Arnouph Deshayes de Cambronne
Arnouph Louis Joseph Deshayes de Cambronne (or Arnould or Arnoult) (b. March 26, 1768 in Crépy-en-Valois, Oise, d. 1846) was the major adjudant of the National Guard (France) at the Château de Compiègne.
Early life
He was christened in the church of Saint-Denis en Crépy in 1768. His grand father Alexandre Deshayes comes from Wiège-Faty and his father, Joseph-Abraham Deshayes (1728, Guise – 1795, Orrouy), both directors of insinuations of the Apanage of Louis Philippe I, Duke of Orléans and Louis Philippe II, Duke of Orléans. His mother is Cécile-Louise-Marguerite Doyen (1738–1815). He married Rosalie-Zélie de Hémant (1781–) on January 20, 1806. She was the daughter of a master of the Cour des comptes.[1] He is the brother of Nicolas Alexandre Joseph Deshayes de Merville (1760–1816) who married Bonne Victoire Randon (1767–1824) in 1788.
Career
He fought in 1792 next to baron Félix Le Peletier d'Aunay during the battle of Louis Joseph, Prince of Condé. They fought in the Company of Count du Comte de Laurétan to reach the Siege of Maastricht by the French revolutionary army directed by Francisco de Miranda, under the orders of Jean Thérèse de Beaumont d'Autichamp.

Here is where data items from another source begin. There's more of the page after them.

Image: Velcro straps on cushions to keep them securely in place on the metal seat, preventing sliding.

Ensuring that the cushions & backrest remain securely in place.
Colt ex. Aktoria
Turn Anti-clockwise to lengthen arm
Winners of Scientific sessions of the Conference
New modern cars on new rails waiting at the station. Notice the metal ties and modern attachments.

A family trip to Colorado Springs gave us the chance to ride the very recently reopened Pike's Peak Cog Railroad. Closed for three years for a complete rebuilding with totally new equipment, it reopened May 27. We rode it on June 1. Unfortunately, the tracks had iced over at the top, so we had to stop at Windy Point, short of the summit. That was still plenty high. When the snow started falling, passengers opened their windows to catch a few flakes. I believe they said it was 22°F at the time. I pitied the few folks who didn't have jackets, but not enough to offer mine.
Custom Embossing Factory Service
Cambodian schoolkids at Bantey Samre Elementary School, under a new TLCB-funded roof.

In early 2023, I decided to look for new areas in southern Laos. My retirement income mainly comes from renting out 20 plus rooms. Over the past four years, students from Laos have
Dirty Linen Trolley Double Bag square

He was a volunteer in the Hussards of Hompesch commander by the Beaurepaire de Louvagny family in 1794, directed by the English before its settlement in Hanover in 1795. He joined the commandment of Franz-Simon Pfaff von Pfaffenhofen, Tyrol who made him an officer.

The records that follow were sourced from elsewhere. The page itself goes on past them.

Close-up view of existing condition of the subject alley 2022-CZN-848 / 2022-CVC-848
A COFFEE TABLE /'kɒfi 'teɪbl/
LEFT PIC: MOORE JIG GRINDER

During the Bourbon Restoration, from February 15, 1815 to 1826, he became adjudant of the Château de Compiègne for the ultraroyalists. They were managed by Mathieu de Montmorency, minister of Foreign affairs (1821–1822) of the government of Joseph de Villèle and Durand Borel de Brétizel, with the agreement of the king, under the direction of the Count of Eugène François Léon de Béthune d'Hesdigneul and of Antoine Charles Louis de Lasalle.
In August 1822, he was promoted to colonel by King Louis XVIII and knight of the Order of Saint Louis. He changed his name to Deshayes, as in Deshayes de Cambronne, during the La Rochelle affair and the ennoblement of the general Pierre Cambronne. The latter was famous for his legendary word invented by Michel-Nicolas Balisson de Rougemont, quoted by Victor Hugo in Les Misérables.[2]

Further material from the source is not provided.